Call for papers
Audiovisual culture is a multilayered
field at the center of women's practices of producing, transforming, and
resisting gender identities. Women are constantly interacting with gender norms
through media and audiovisual texts. This symposium addresses women's
representations, power dynamics, and counter-narrative strategies in
audiovisual culture from an interdisciplinary perspective.
Women's relationship with media
representations is not limited to remaining in the position of a passive
spectator; on the contrary, women can develop practices of resistance by
critically interpreting these representations and producing alternative
narratives. For example, Laura Mulvey's theory of the “male gaze”, Judith
Butler's approaches to the performative nature of gender, and Bell Hooks'
critique of the representation of marginalized identities constitute an
important point of reference. Gayatri Spivak's concepts of “sub-representation”
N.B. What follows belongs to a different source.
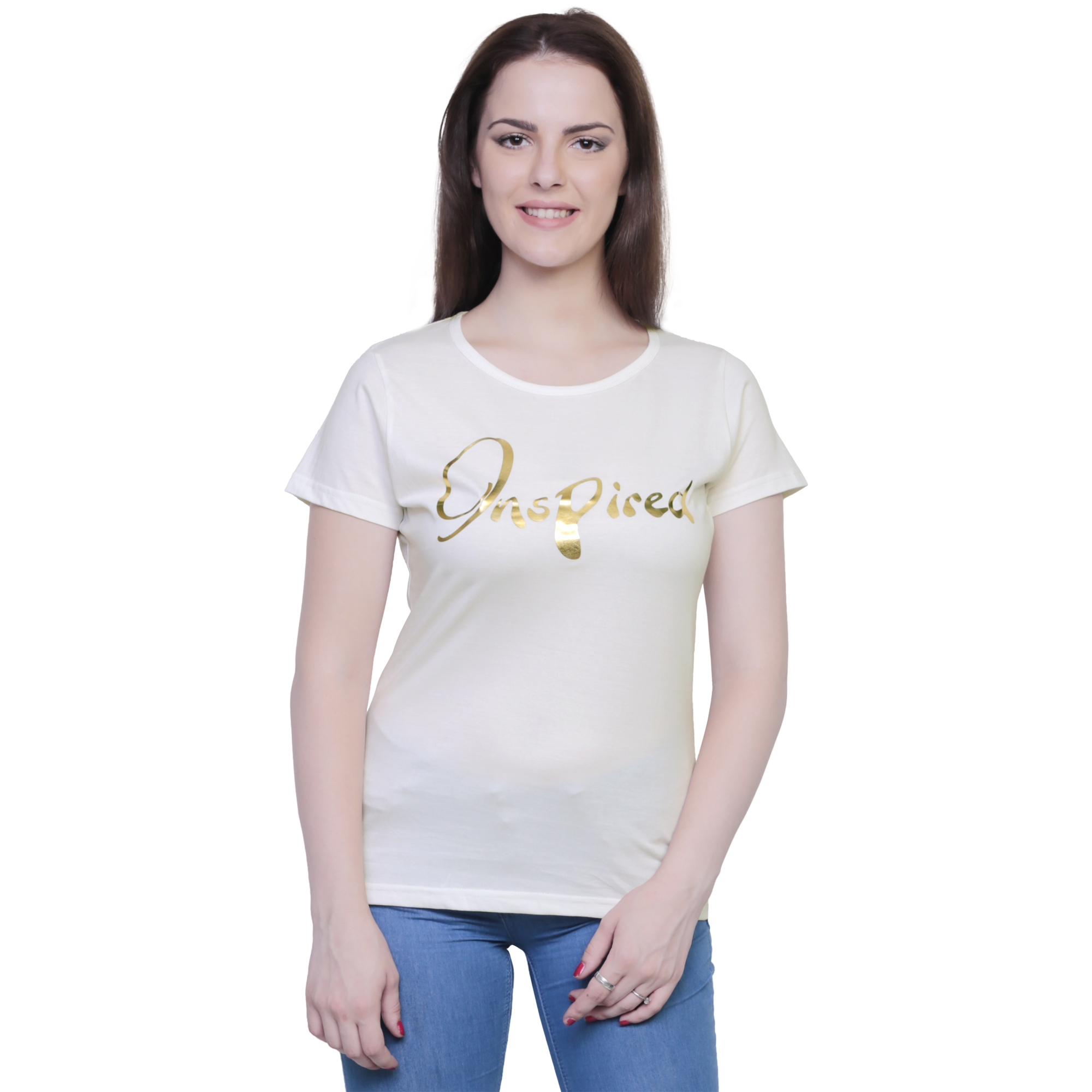 Charming Exclusive Look Round Neck Printed T.Shirt For Dashing Women

and “silence” and Luce Irigaray's critical approaches to language and
representations are noteworthy in examining women's subjectivization processes
within a broader theoretical framework. In light of similar approaches, how
women question, criticize, and transform social norms will be discussed.
Digital
platforms have created new spaces where women construct their narratives,
challenge gender norms, and redefine their strategies of subjectivation. These
mediums offer a dynamic environment where women's visibility strategies and
resistance practices are produced. In this context, the performative
presentation of gender on digital platforms also brings along women's
visibility strategies and practices of producing counter-hegemonic narratives.
The performative presentation of gender on such platforms and how these
platforms transform gender politics is one of the main problematics of this
symposium.
However,
the manipulative impact of audiovisual culture on women does not mean that
women are merely passive viewers or vulnerable to the effects of these images.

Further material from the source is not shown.